Of course, the Little Entente was not so forgiving: on 8 September 1922, this alliance of Hungary’s neighbouring hostile states asked the League of Nations in a letter to record what obligations Hungary undertook before the Council of Ambassadors—clearly in order to hold Hungary accountable later. To fend off the attacks, Foreign Minister Miklós Bánffy immediately travelled to Geneva, where he was informed that a special committee would discuss Hungary’s application for accession later that month, historian László Gulyás recalled in his 2019 article in Trianoni Szemle.[6] In the end, what the committee looked into was whether Hungary had complied with the restrictions concerning its military prescribed in the Trianon Peace Treaty.
Bánffy’s speech quickly convinced most members of the committee. For instance, the British delegate expressed complete satisfaction with the position of the Hungarian foreign minister. As opposed to that, the Czechoslovak envoy attacked Hungary on several points, for example in relation to the antisemitic numerus clausus law. In the end, all this did not prevent Hungary from joining the League of Nations, which ultimately succeeded in transferring Hungary from the shameful spot of a ‘warmonger’ to the ranks of ‘recognised’ nations.
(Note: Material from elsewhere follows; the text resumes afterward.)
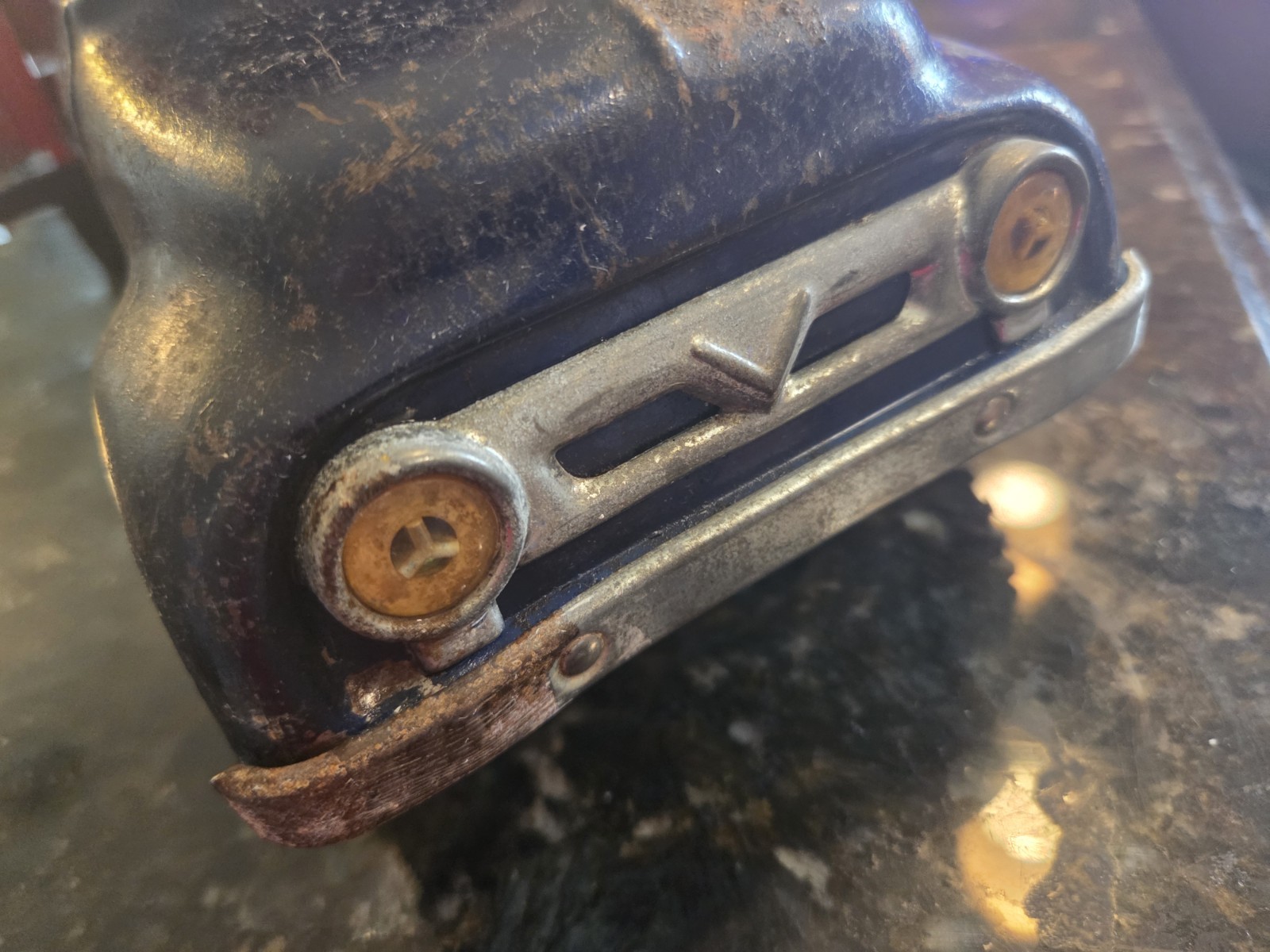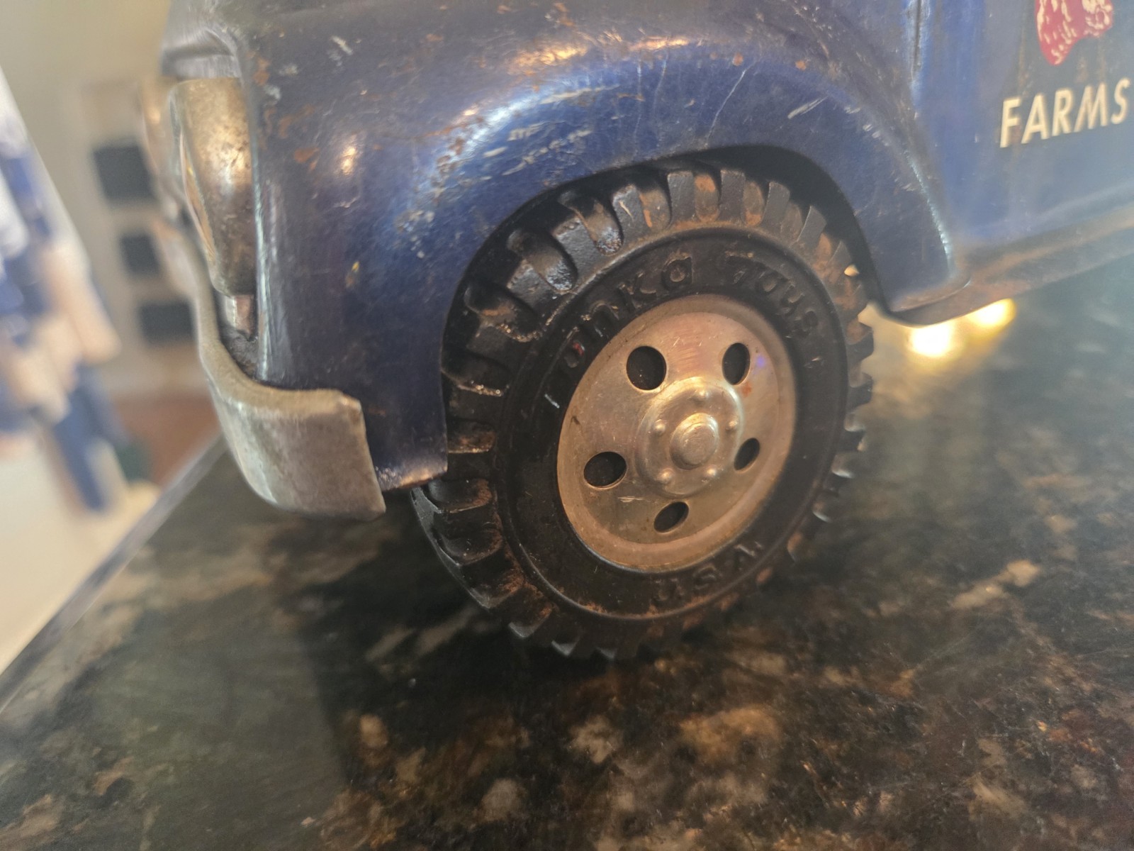 как выглядит VINTAGE 1957 TONKA FARMS BLUE RED STAKE TRUCK 404 W/ CATTLE фото
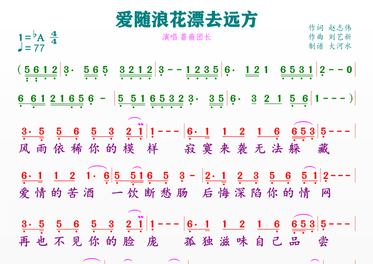 《爱随浪花漂去远方》是蔷薇团长演唱的一首歌曲,拍号为4/4拍,歌曲速度为每分钟77拍,这份简谱共有一张高清图谱,图谱由 @临海雪原 编配上传。

[1] László Bernát Veszprémy, 1921. A Horthy-rendszer megszilárdulásának története, Budapest, Jaffa, 2021. 175-176.
[2] Veszprémy, ’1921’, 176.
[3] National Archives (Kew), FO 371/7636.
[4] Ignác Romsics, Bethlen István. Politikai életrajz, Budapest, Osiris, 1999, 200.
[5] The Hungarian Quarterly, 1939/1, 22.
[6] László Gulyás, ’Csonka-Magyarország kitörése a kisantant-gyűrűből: belépés a Népszövetségbe’, Trianoni Szemle, 2019. január-június, 86-87.